Introduction Stent migration occurs in 6%–12% of patients undergoing biliary stenting1 The Niti-S fully covered metal stent (Taewoong Medical, Seoul) has a flared end which acts as anti-migration.2 Few studies have evaluated the efficacy of these stents and are contradictory3 4 The aim of our study is to compare their migration rates, investigate contributory factors and patient outcomes.

Methods This was a retrospective cohort study. 32 Niti-S flared stents were placed between January 2010 and July 2011. Each of the patients' records were analysed. The indication for stent, size and whether there had been any previous endoscopic therapy was recorded. The cholangiograms were then re-reviewed by an experienced radiologist to assess stricture length and position of the stent proximal to the stricture.

Results 10 out of 32 stents (31%) had migrated. Nine were placed for benign strictures and one for a malignant stricture. There was no significant difference between the stents that did and did not migrate comparing the length of stricture (mean 11.8 mm vs 12.4 mm), or where the stent was placed (mean proportion of stent above the proximal end of the stricture 16 mm vs 17.5 mm). There also appeared to be no association with previous endoscopic therapy: in 6 (60%) of the procedures where the stents had migrated there had been previous therapy, compared to 14 of the remaining 22 procedures (64%). 4 of the 9 (44%) patients with migrated stents were subsequently admitted to hospital with cholangitis, compared to 1 patient who did not have a migrated stent.

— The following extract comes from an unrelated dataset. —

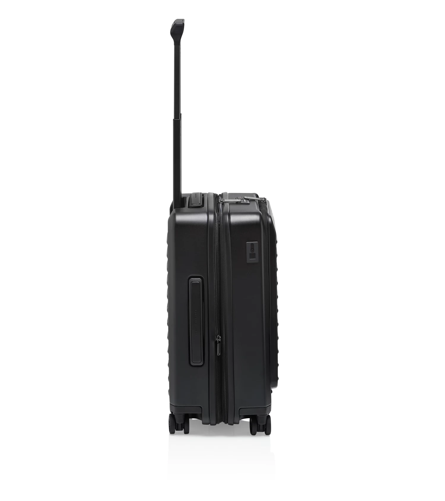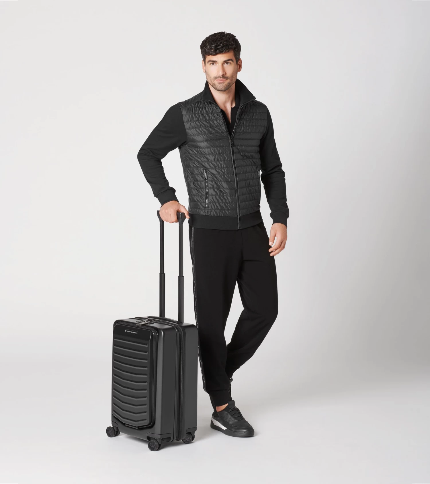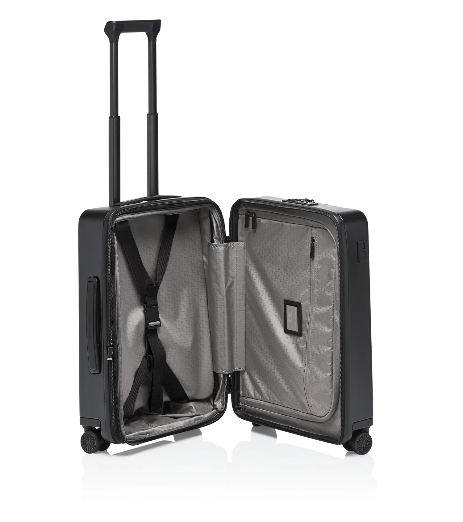 Ultra lightweight and inspired by the colors of the Porsche 911: the Roadster Hardcase collection. The case series in polycarbonate designed by Studio F. A. Porsche is the perfect fusion of form, function and design. The Porsche Design Roadster Hardcase 4W Business Trolley S in cabin luggage size catches the eye with its well thought-out design, a weight of just 3.9 kg and a dynamic monochrome look with signature Porsche details. The roomy front pocket with business features and a USB port offers ample space for a notebook, documents and extras which you’d like to access quickly at the airport. Ball-bearing-mounted, smooth-rolling wheels in the style of the Porsche Taycan rims and an ergonomic multi-height handle ensure optimum performance. Bags can be effortlessly placed and removed over the rounded edges of the handle. The divided interior can easily be expanded at any time and, like the front pocket, is protected by a double TSA-approved lock and an anti-theft zipper.

Conclusion The flared end covered metal stents significantly migrate despite the theories behind the design. Direct cost implications of this should be sought. There appears to be no association between aetiology, length of stricture, previous endoscopic therapy or where the stent was placed and subsequent migration.

Competing interests None declared.

References 1. Kullman E, Frozanpor F, Soderland C, et al. Covered versus uncovered self-expandable nitinol stents in the palliative treatment of malignant distal biliary obstruction: results from a randomised, multicenter study. Gastrointest Endosc 2010;72:915–23.

2. Park do H, Song TJ, Eum J, et al. EUS—guided hepaticogastrostomy with a fully covered metal stent as the biliary diversion technique for an occluded biliary stent after a failed ERCP (with videos). Gastrointest Endosc 2010;71:413–19.

3. Park do H, Lee SS, Lee TH, et al. Anchoring flap versus flared end, fully covered self-expandable metal stents to prevent migration in patients with benign biliary strictures: a multicentre, prospective, comparative pilot study (with videos). Gastrointest Endosc 2011;73:64–70.

4. Han YM, Gin GY, Lee SO, et al. Flared polyurethane covered self-expandable Nitinol stent for malignant biliary obstruction. J Vasc Interv Radiol 2003;14:1291–301.